A master's mercy moved him to safety:
A princess proffered reprieve to the son,
Who, raised from the reeds, was reared as her own.
She made him Moses to remind the world:
A baby was borne to rebirth on the waves.
Imbued with beauty by birth and by home,
The son of servants, now seen as a prince,
Was allowed to learn the lore of Egypt,
Making him master of men and of gods.
He bore his burden of beauty with grace
Until, being told the tale of his birth,
He put compassion for the poor and weak
Ahead of his hopes for heights of glory.
Seeing a servant assaulted by whip,
The son of servants summoned his courage
To save the servant from sorrow and grief;
But, fired by fury to fight unwisely,
Moses would murder a man of the king
And must leave the land, his life now forfeit,
To sigh in the sand as a son of exile.
He lived a whole life in a land of thirst
Before he would find what he faced for God.
The shearing of sheep was his share in life
When he led his lambs to look for forage.
Heading for highlands where he hoped for grass,
He witnessed wonders that woke him from doubt.
A bush was burning, but bore no damage
From fire that had formed a furnace of light.

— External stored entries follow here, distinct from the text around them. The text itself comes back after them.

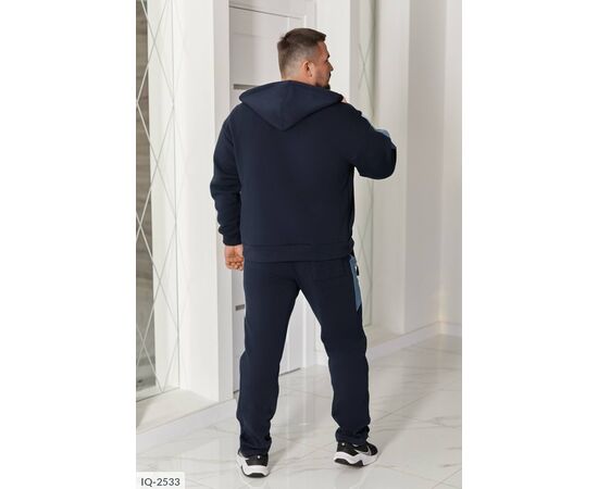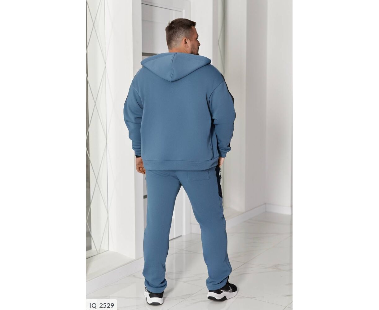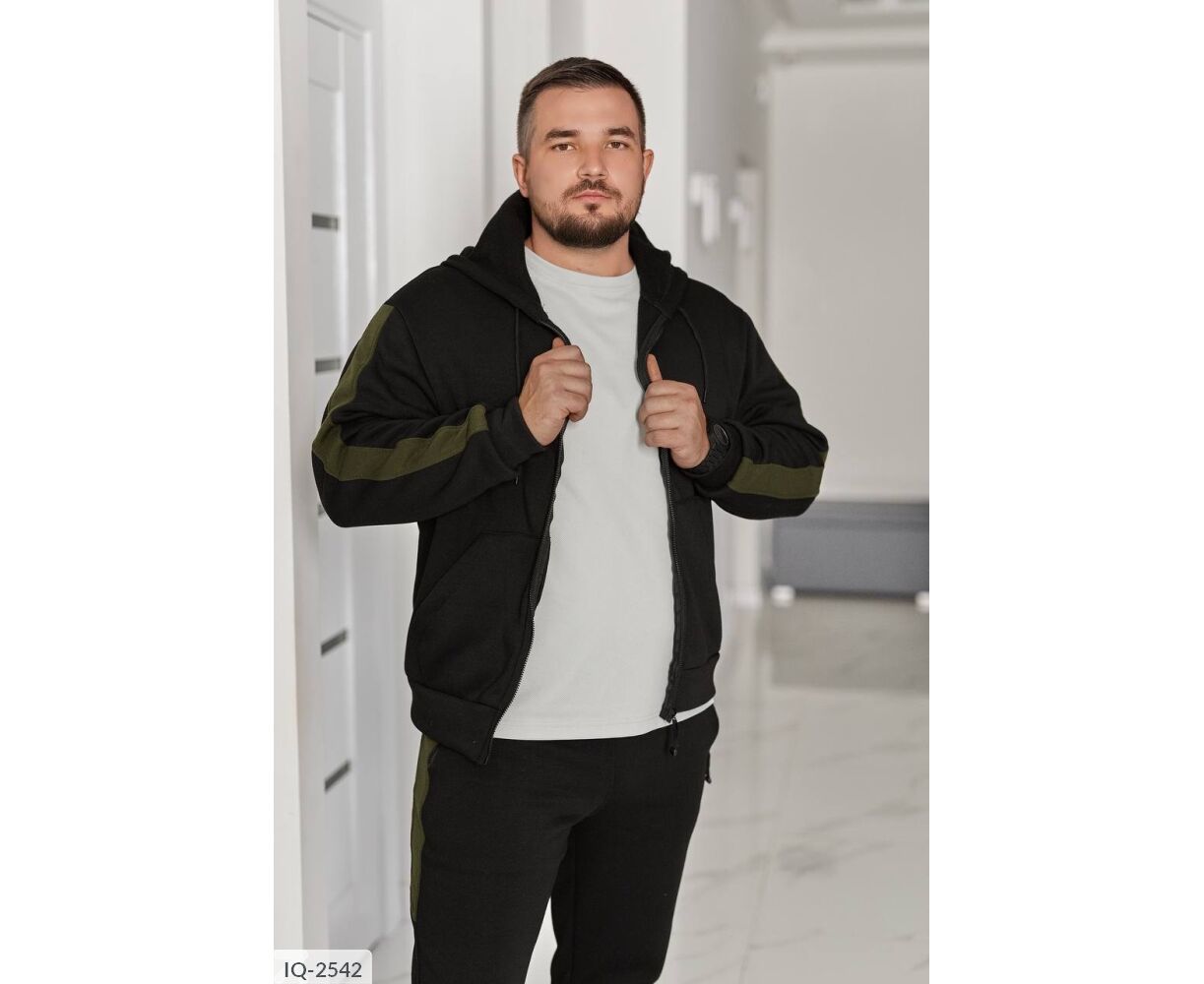 Худые прямого силуэта, имеет удобный капюшон со шнурками и центральную молнию. Два кармана кенгуру придают практичности. Низ изделия и рукавные манжеты на широком трикотажном манжете. Контрастные лампасы на рукавах и брюках делают образ выразительным и современным.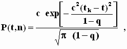 Отсюда видно, что при фиксированном t, по мере роста отчуждаемого продукта q, функция P(t, n), то есть величина социальных противоречий, уменьшается, так как экспонента, стоящая в знаменателе этой дроби, уменьшается гораздо быстрее, чем уменьшается знаменатель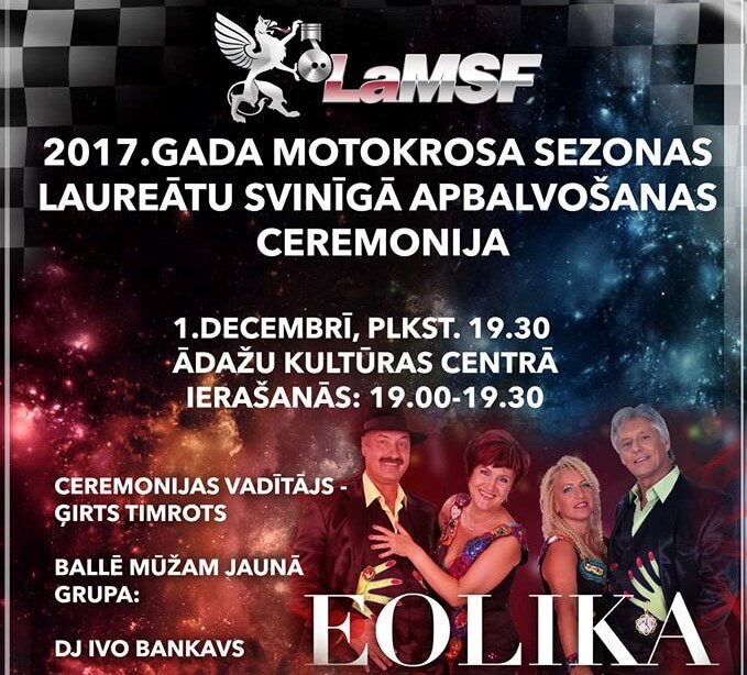 DetailsThe Lithuanian motorcycle sport federation’s Awards Ceremony 2017 will be held on December 2, at 15:30 in Leisure and Entertainment Center “Renginių oazė” (Baltų pr. 16, Kaunas) (http://renginiuoaze.lt/). We invite all the laureates and motorsport members to this event. During the event the podium riders will be awarded in Championships and Cups of Lithuanian Motocross,…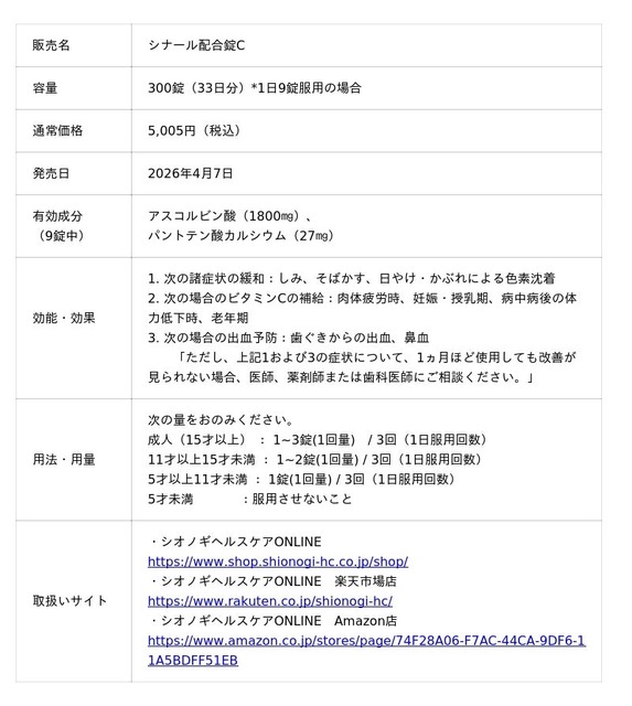 そのシナールから、医療用と同成分・同量配合*のシナール配合錠C(第3類医薬品)をオンライン限定で新発売。しみ・そばかすなど色素沈着対策や疲労時などのビタミンC補給に。オンラインでいつでも購入可能となります。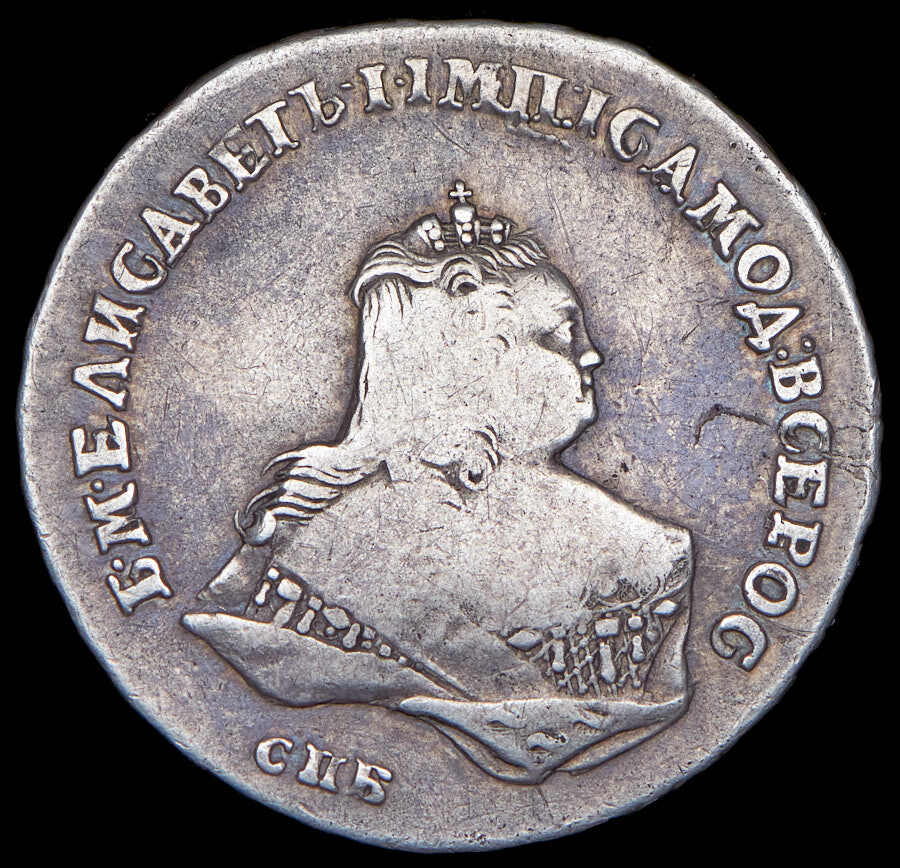 полтина 1743-1754 СПБ "Погрудный портрет", Санкт-Петербургский монетный двор
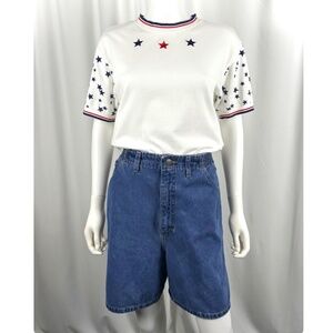 Vintage 1980’s 1990’s ‘Westbound’ Patriotic Red White & Blue Short Sleeved Tee Shirt • Star Patchwork • Striped Trim

The One Who awoke the worlds to being
Had sent him a sign — was saying the Name:
"I am who I am, the only, the true.
I have heard the hope of households of slaves
For release from lives that they live in vain—
For a life of love on land of their own.
To give them this gift, you must go back home
And call to account the king of Egypt:
‘Release my loved ones to live in freedom,
Or face misfortune from the fire who speaks.’
If you feel unfit to face him alone,
Then bring, to be brave, your brother, Aaron,
To give for his God his guidance to you."
The guidance of God, forgiving, but clear,
Was moving Moses to meet what he feared.
He went from wonders to work for his God
By taking tidings of a test of heart
To Pharaoh, his foe, though favored in youth
For owning the awe that honors a prince.
When he came to court to call for freedom,
Moses remembered the mountain of pride
Erected by rulers from the realm of the stars
To bear them above the baseness of mortals.
"Silence, you subjects! You’re seeing the king.
By descent from the sun, he’s the son of Ra."
The mouth of Moses, mentioning freedom,
Angered and outraged the offspring of gods.
In fury, Pharaoh defied his Maker,
Embittered bondage of bearers of loads,
And hurled the herald, though holy to God,
From court to courtyard to come to the street.